====== Input for this task

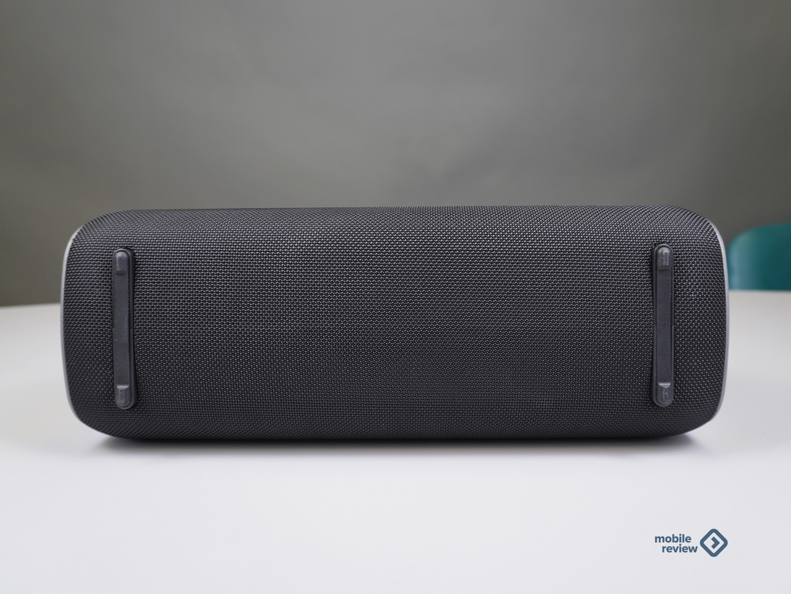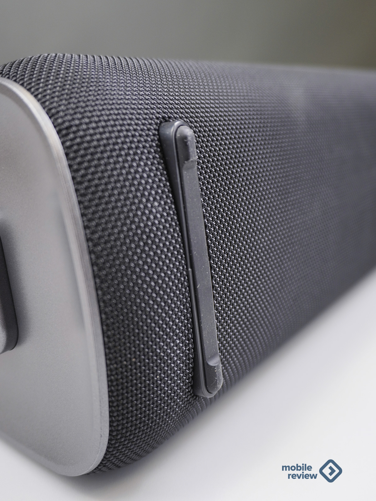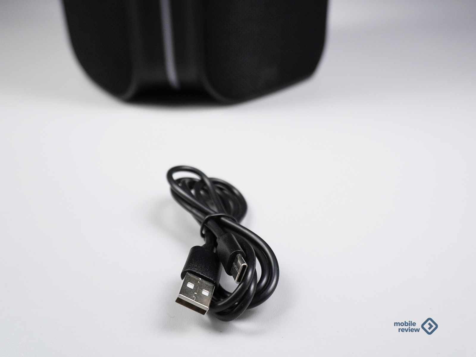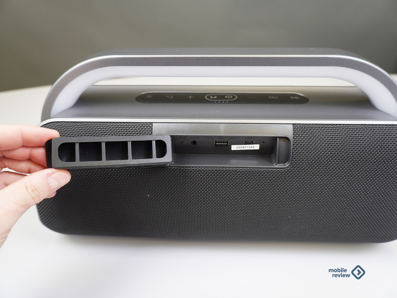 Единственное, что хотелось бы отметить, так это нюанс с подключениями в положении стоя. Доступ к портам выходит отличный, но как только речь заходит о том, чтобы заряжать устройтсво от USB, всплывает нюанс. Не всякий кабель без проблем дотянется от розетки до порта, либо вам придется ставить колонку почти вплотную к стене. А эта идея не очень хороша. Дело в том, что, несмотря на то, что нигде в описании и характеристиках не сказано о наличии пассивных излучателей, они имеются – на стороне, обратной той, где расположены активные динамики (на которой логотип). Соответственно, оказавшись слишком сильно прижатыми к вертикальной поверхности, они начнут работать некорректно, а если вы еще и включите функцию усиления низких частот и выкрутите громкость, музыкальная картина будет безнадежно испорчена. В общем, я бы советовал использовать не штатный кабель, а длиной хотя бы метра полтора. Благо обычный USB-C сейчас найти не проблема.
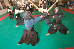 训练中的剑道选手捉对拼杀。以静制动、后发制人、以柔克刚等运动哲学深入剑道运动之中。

============
====== Input for this task

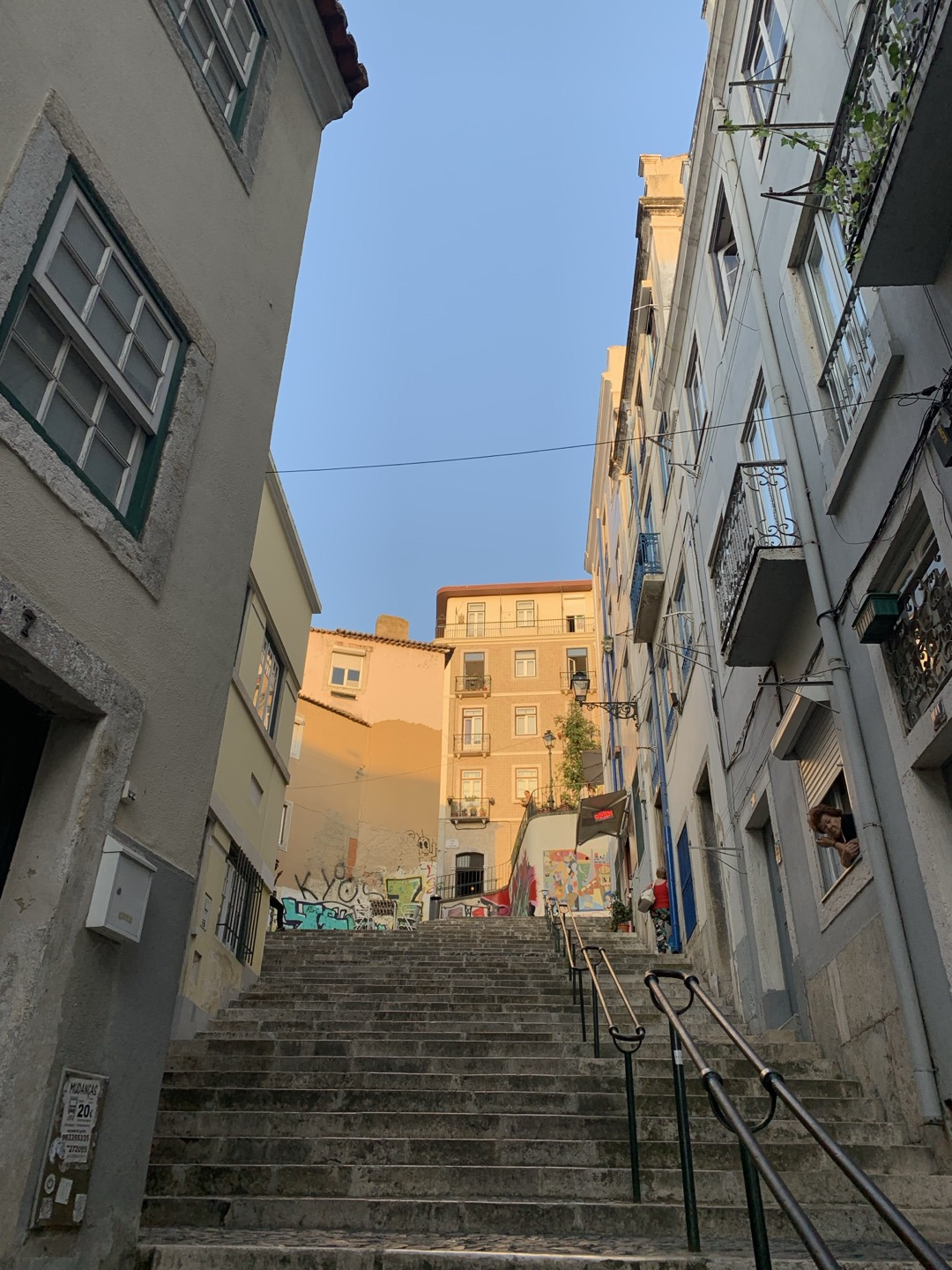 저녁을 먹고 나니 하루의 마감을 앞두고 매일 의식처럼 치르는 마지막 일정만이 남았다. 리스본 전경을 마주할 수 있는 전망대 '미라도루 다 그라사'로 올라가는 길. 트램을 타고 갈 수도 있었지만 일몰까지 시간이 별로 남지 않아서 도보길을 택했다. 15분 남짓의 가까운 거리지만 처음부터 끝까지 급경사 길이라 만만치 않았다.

============

What you need to do: Above are some records; extract exactly the lines from the one containing "Единственное, что хотелось" through the one containing "训练中的剑道选手捉对拼杀。以" and drop the pictures.

Solution for this task:
 Единственное, что хотелось бы отметить, так это нюанс с подключениями в положении стоя. Доступ к портам выходит отличный, но как только речь заходит о том, чтобы заряжать устройтсво от USB, всплывает нюанс. Не всякий кабель без проблем дотянется от розетки до порта, либо вам придется ставить колонку почти вплотную к стене. А эта идея не очень хороша. Дело в том, что, несмотря на то, что нигде в описании и характеристиках не сказано о наличии пассивных излучателей, они имеются – на стороне, обратной той, где расположены активные динамики (на которой логотип). Соответственно, оказавшись слишком сильно прижатыми к вертикальной поверхности, они начнут работать некорректно, а если вы еще и включите функцию усиления низких частот и выкрутите громкость, музыкальная картина будет безнадежно испорчена. В общем, я бы советовал использовать не штатный кабель, а длиной хотя бы метра полтора. Благо обычный USB-C сейчас найти не проблема.
 训练中的剑道选手捉对拼杀。以静制动、后发制人、以柔克刚等运动哲学深入剑道运动之中。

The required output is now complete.